We are entering a repeat of the 2002 to 2005 runup in costs systemically, with great strain to businesses on profit margin squeeze. This time, a corporate response to outsource jobs and enjoy a temporary shallow fleeting cost benefit, will not be available. The benefit, if there every was any to the United States , from Asian participation in globalization is reaching a critical impasse. Thank the trade protection battles for that. The USEconomic response might therefore be a sizeable push throughout the pipeline of some wage increases to meet the higher cost of living. Watch for this, since if workers cannot handle higher costs at home, they will be lost.


Confirmation of cost inflation is the record crude oil price, now over $82 per barrel. Confirmation of currency debasement and monetary inflation is the approach of a record gold price, now over $742 per ounce. It is interesting. The justification of the record crude oil price is the frequent supply disruptions from numerous corners, desire by OPEC producers to exploit income revenue streams even with false talk of supply increases, and a powerful Asian economic expansion accompanied by strong persistent demand. These miss the mark.

The crude oil price is rising from the threat of a weak USDollar. When the USFed announced the change in the Discount Window rate, both energy stocks and the crude oil price jumped up. Exxon Mobil (XOM) stock rise by 4.3% on the day. Crude oil on a volatile day had a 1.60 range but rose half a buck. MY SOURCES TELL ME THAT GOLDMAN SACHS MIGHT BE PUSHING UP THE CRUDE OIL, WITH INSIDE INFORMATION OF AN ATTACK AGAINST IRAN . The rise in crude oil price came before the USFed rate cut. More importantly, t he OPEC nations are slowly moving toward an abandonment of the PetroDollar. The current downleg in the USDollar is likely to do irreversible damage to the PetroDollar defacto standard. A USEconomic recession will guarantee a fracture of the PetroDollar, and invite difficult friction with key Arab nations!

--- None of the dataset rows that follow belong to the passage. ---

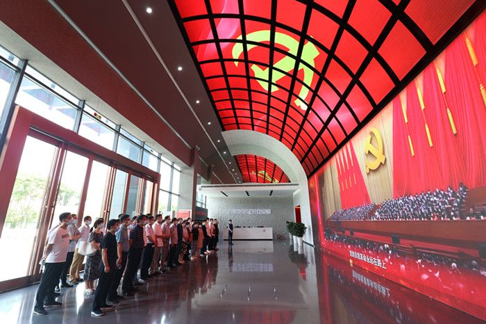 党风廉政教育馆内,同志们在序厅驻足观看了全面从严治党主题教育片《永远在路上》,随后在讲解员的引导下,依次参观了四个展厅,认真学习了廉政典型先进事迹,深刻汲取了违纪违法党员领导干部案例警示教训,现场一幅幅图片、一帧帧影像、一件件案例、一封封忏悔书,给大家带来了强烈的视觉冲击和心灵震撼,接受了一次深刻、直观的警示教育和灵魂洗涤,为全体领导干部上了一堂生动的廉政教育课。党委副书记陈行带领全体党员领导干部在尾厅面向党旗,重温入党誓词,不忘初心、牢记使命。
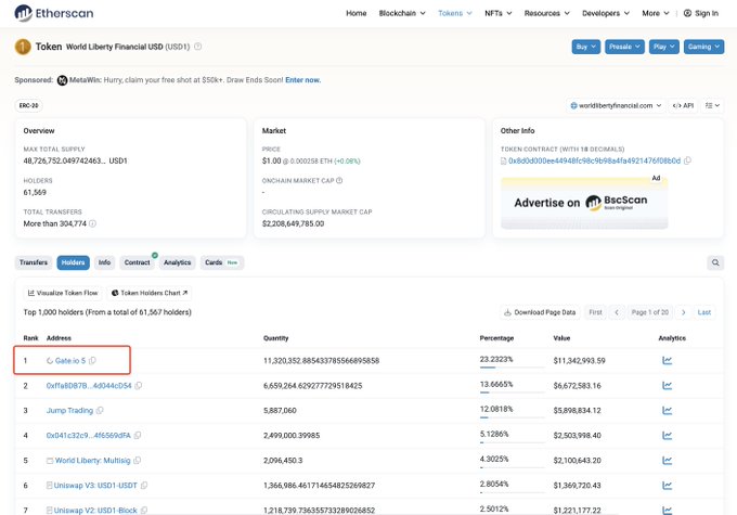 因為 Gate 的 Launchpad 打新本期支持 USD1 投入,大量的 USD1 流入 Gate。目前 Gate 成為了 USD1 持有量第二的交易所,僅次於 Binance。
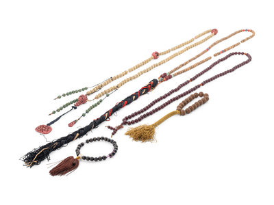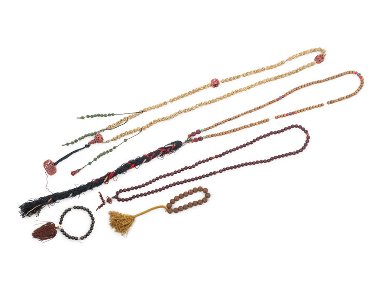 Five Strands of Chinese Hardstone and Wood Prayer Beads
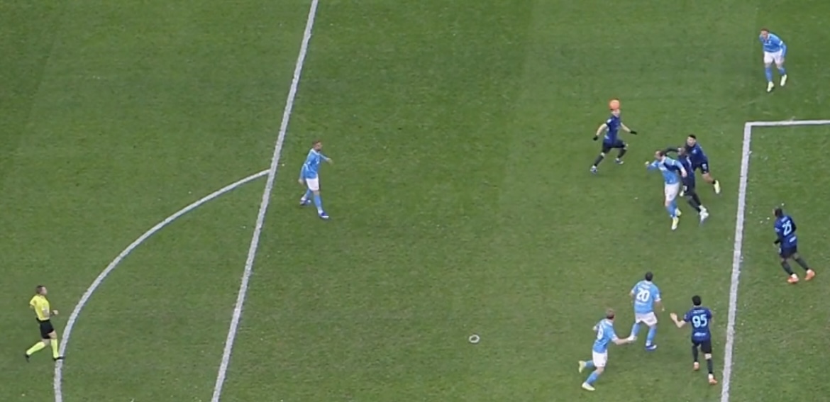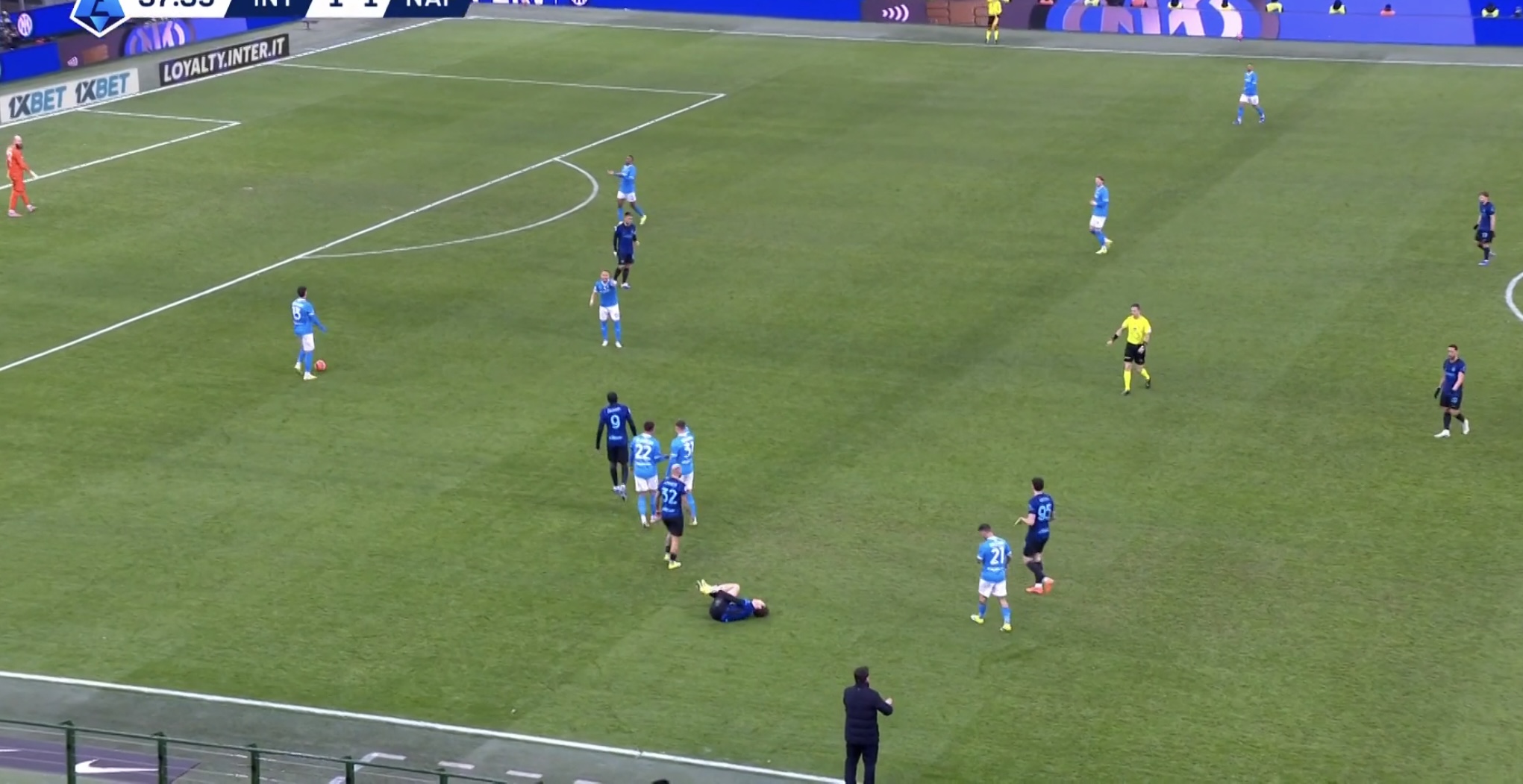随后在国米的一次前场压迫中,小胡安大脚开球后,并没有收脚,蹬在了图拉姆的胸部,连犯规都没算,黄牌也没有给,意甲裁判尺度现在都这么大了吗?

The Saudis might be the last remaining pillar to that important support mechanism to the USDollar and related banking system. If the Saudis hold on their own monetary policy, they might deliver formidable blows to the USDollar in hidden ways. They can purchase $10 billion in US weapons sales, but they is sugar coating to assist the insiders running the USGovt syndicate. Saudi money supply growth is running at 22% with higher price inflation than seen in 30 years.

A refusal to cut interest rates is seen by certain keen analysts as a precursor to a full break away from the US $ peg, an absolutely crucial move!

Hans Redeker of BNP Paribas summarized well. “This is a very dangerous situation for the dollar. Saudi Arabia has $800 billion in their future generation fund, and the entire region has $3500 billion under management. They face an inflationary threat and do not want to import an interest rate policy set for recessionary conditions in the Untied States.” The Saudi central bank said Thursday that they will take “appropriate measures” to halt huge capital inflows into their nation. The policy is not sustainable and will inevitably result in a resounding collapse of the US $ peg which girds the PetroDollar defacto standard serving as a vital pillar.

The United Arab Emirates still leads the movement for the entire Gulf Cooperative Council of nations to de-peg from the US$ and obstruct the import of price inflation in their smaller economies. UAE bankers want the entire group to depeg together. Persian Gulf economies almost all have much more commerce with Europe than the US . The UAE price inflation threatens to hit 10%.

Americans take the USDollar and its international support for granted, either out of ignorance by the unwashed masses, or out of arrogance by the corrupt titans of the financial sector. Both will become victims in the next phase, from higher costs to the public former and higher borrowing costs to the elite latter.